If we import somebody else's biology into our
relationship and thereby have some quote children, quote,
then it's an extreme systemic disadvantage for
children to be in that environment.
"So,
functionally, me being married to a gay man is
not at all similar to me being married to my actual wife...
It changes the meaning of marriage."
This man
wasn't crazy or ill-educated or, in his view,
homophobic.

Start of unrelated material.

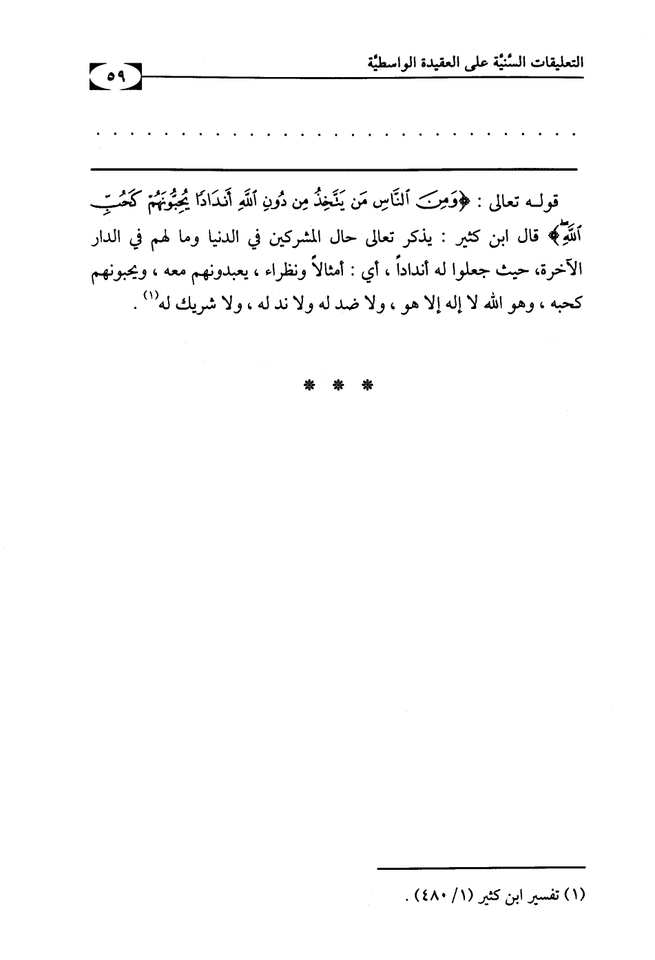 قوله تعالى: {وَمِنَ النَّاسِ مَنْ يَتَّخِذُ مِنْ دُونِ اللَّهِ أَنْدَادًا يُحِبُّونَهُمْ كَحُبِّ اللَّهِ} قال ابن كثير: يذكر تعالى حال المشركين في الدنيا وما لهم في الدار الآخرة، حيث جعلوا له أنداداً، أي: أمثالاً ونظراء، يعبدونهم معه، ويحبونهم كحبه، وهو الله لا إله إلا هو، ولا ضد له ولا ند، ولا شريك له.

As Proposition 8 hits the home stretch,
that's the challenge. Whatever he said out
loud, the man's objection to same-sex marriage came
down to this: Just because. Because I said
so. Because it's how I feel.
For him and
others, the anger is volcanic -- all the more combustible
because it has to be suppressed. After all, one slip of
the tongue could puncture that tolerant and reasonable
air the Yes on 8 folks know they must project if they
want to win. Given the conservative track record
of discipline and cohesion, that's unlikely.
Celinda Lake, the
No on 8 pollster, observed on Tuesday that 20% of
California voters are still undecided on Prop
8. "That's more than enough to
provide a resounding victory for either side," she
said.
Gays and their
allies had better unleash their A game.